## Data to process
_ _ _ _ _ _ _

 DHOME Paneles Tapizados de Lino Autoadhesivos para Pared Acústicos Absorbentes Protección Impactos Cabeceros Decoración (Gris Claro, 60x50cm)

_ _ _ _ _ _ _

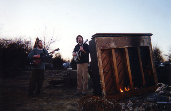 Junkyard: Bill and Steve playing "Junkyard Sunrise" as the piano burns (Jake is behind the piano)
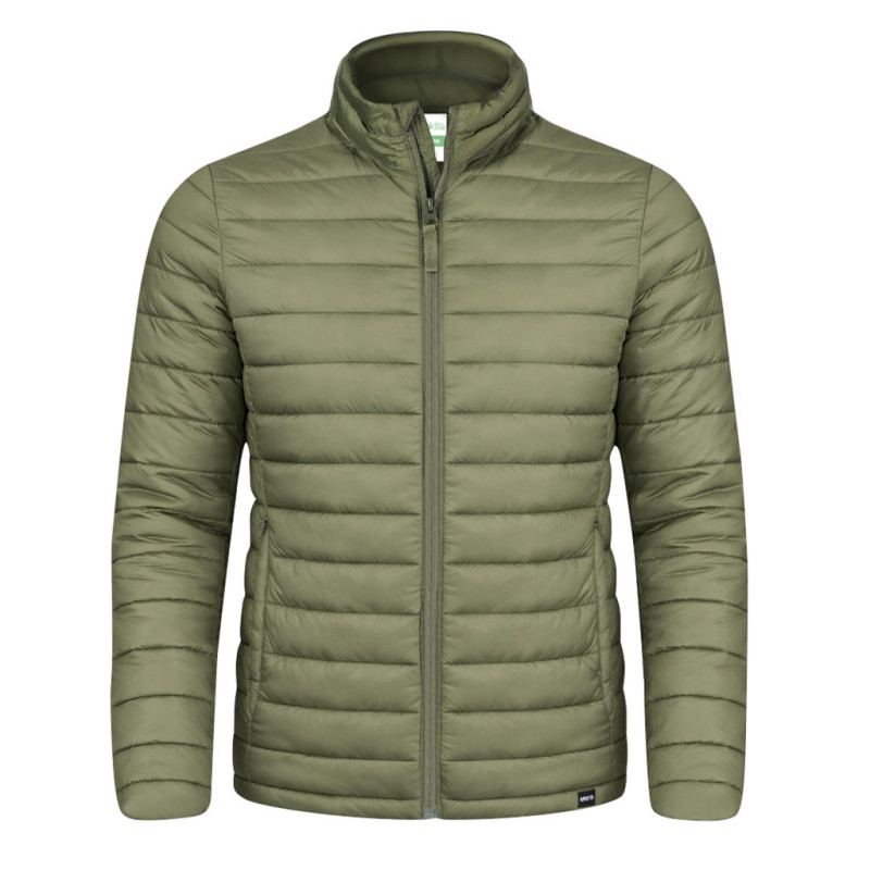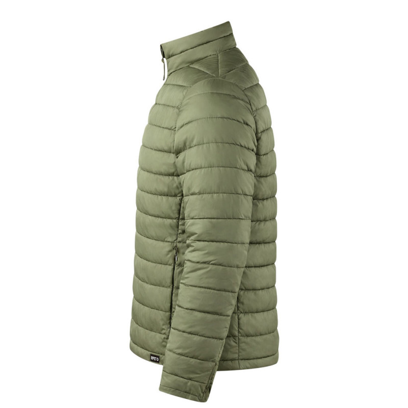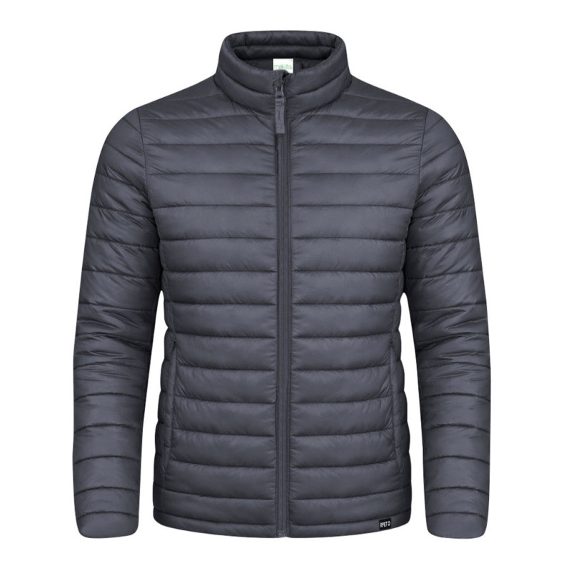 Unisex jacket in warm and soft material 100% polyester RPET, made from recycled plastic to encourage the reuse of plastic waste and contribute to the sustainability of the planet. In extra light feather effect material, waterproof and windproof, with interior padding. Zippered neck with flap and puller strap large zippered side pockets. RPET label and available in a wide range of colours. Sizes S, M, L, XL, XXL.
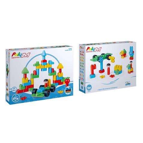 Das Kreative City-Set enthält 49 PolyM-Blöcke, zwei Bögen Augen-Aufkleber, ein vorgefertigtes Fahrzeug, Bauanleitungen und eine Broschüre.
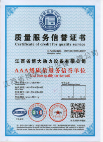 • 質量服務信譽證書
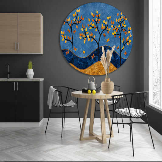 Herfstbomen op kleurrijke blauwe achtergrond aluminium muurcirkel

_ _ _ _ _ _ _

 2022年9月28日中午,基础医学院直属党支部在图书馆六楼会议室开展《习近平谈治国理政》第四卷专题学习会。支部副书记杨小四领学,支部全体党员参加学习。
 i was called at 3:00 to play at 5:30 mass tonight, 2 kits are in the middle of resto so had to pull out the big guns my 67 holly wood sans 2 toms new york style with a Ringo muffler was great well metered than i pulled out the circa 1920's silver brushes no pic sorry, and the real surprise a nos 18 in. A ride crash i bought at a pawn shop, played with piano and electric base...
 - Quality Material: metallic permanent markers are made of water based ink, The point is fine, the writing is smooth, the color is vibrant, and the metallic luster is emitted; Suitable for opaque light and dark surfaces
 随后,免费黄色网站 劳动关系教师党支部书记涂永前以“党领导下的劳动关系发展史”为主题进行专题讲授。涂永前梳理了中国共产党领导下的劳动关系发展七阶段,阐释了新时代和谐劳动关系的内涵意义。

_ _ _ _ _ _ _

## Task instructions
Scan the listing above for the line that has "- Quality Material: metallic", then copy exactly from that line through the line that has "随后,免费黄色网站 劳动关系".

## Problem solution
 - Quality Material: metallic permanent markers are made of water based ink, The point is fine, the writing is smooth, the color is vibrant, and the metallic luster is emitted; Suitable for opaque light and dark surfaces
 随后,免费黄色网站 劳动关系教师党支部书记涂永前以“党领导下的劳动关系发展史”为主题进行专题讲授。涂永前梳理了中国共产党领导下的劳动关系发展七阶段,阐释了新时代和谐劳动关系的内涵意义。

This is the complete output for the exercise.